See http://scikit-learn.org/dev/modules/generated/sklearn.linear_model.SGDClassifier.html for full documentation.

akxlr
  • 1,142
  • 9
  • 23
William Darling
  • 446
  • 5
  • 6
  • 4
    supported by Olivier Grisel https://twitter.com/ogrisel/status/476367379413610497 – r0u1i Jun 10 '14 at 14:22
  • 1
    This uses one-vs-rest for multiclass problems and doesn't look like it supports the `multi_class='multinomial'` option in `LogisticRegression` – akxlr Aug 27 '15 at 14:17
7

The “balanced” mode uses the values of y to automatically adjust weights inversely proportional to class frequencies in the input data as n_samples / (n_classes * np.bincount(y))

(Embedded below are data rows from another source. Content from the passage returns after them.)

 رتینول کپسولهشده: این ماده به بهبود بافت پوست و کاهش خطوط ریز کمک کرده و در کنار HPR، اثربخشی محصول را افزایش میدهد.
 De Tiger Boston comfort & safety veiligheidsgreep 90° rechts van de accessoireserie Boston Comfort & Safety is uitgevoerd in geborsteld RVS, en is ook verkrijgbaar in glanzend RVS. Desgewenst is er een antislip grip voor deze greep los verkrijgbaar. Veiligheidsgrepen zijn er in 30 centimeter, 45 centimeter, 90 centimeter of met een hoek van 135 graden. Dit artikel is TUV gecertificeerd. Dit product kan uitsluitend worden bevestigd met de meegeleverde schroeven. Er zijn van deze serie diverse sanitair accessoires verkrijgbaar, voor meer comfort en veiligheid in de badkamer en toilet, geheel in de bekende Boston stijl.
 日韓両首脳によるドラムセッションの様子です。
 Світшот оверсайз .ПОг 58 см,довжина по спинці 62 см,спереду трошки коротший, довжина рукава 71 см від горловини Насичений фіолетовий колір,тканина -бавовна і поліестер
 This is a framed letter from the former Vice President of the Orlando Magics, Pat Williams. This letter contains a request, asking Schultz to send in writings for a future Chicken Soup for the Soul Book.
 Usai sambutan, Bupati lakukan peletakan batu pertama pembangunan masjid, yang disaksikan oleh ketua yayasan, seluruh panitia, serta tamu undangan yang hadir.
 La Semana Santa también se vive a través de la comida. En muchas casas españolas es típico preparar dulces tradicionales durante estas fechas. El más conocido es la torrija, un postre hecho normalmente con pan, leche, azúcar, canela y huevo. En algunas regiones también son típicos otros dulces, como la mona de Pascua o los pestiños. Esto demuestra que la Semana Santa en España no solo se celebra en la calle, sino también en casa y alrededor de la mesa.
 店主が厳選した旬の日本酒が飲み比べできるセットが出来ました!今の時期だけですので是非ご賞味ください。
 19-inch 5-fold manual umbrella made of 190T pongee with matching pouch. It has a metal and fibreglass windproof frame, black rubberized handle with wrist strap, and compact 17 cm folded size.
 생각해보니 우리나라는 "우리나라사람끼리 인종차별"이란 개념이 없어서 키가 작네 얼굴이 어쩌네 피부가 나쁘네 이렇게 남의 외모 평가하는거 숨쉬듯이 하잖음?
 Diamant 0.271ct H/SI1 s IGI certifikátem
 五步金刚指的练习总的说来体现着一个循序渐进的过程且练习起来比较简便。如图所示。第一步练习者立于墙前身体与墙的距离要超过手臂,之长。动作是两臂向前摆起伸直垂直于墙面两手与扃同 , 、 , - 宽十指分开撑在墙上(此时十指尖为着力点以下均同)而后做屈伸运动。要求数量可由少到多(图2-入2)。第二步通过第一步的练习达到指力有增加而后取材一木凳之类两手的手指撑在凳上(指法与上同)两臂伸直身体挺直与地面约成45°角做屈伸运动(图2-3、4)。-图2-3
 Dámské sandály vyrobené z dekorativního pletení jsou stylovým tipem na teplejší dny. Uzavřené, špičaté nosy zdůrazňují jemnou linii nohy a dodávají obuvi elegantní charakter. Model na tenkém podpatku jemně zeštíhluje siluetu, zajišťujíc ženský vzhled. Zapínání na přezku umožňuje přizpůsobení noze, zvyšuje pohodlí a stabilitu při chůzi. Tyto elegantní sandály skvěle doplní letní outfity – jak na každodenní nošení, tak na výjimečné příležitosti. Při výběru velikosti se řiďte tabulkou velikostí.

from sklearn.linear_model import LogisticRegression

model = LogisticRegression(class_weight='balanced')

model = model.fit(X, y)

EDIT

Sample Weights can be added in the fit method. You just have to pass an array of n_samples. Check out documentation -

http://scikit-learn.org/stable/modules/generated/sklearn.linear_model.LogisticRegression.html#sklearn.linear_model.LogisticRegression.fit

Hope this does it...

Vivek Kalyanarangan
  • 8,951
  • 1
  • 23
  • 42
  • This refer to class imbalance, but what if we want to use separate weight for each sample? – mrgloom Mar 17 '16 at 12:07
  • Good question @mrgloom ! You can specify the weights by supplying a dict of weights instead of "balanced". Weights associated with classes in the form {class_label: weight}. If not given, all classes are supposed to have weight one. – Vivek Kalyanarangan Mar 18 '16 at 18:25
  • 2
    I need separate weight for each sample, not for each class. – mrgloom Mar 19 '16 at 13:53
  • I dont think that comes off the shelf. You may have to use your own version of cost function and gradient descent update to do that. – Vivek Kalyanarangan Mar 20 '16 at 19:02
4

I think what you want is statsmodels. It has great support for GLM and other linear methods. If you're coming from R, you'll find the syntax very familiar.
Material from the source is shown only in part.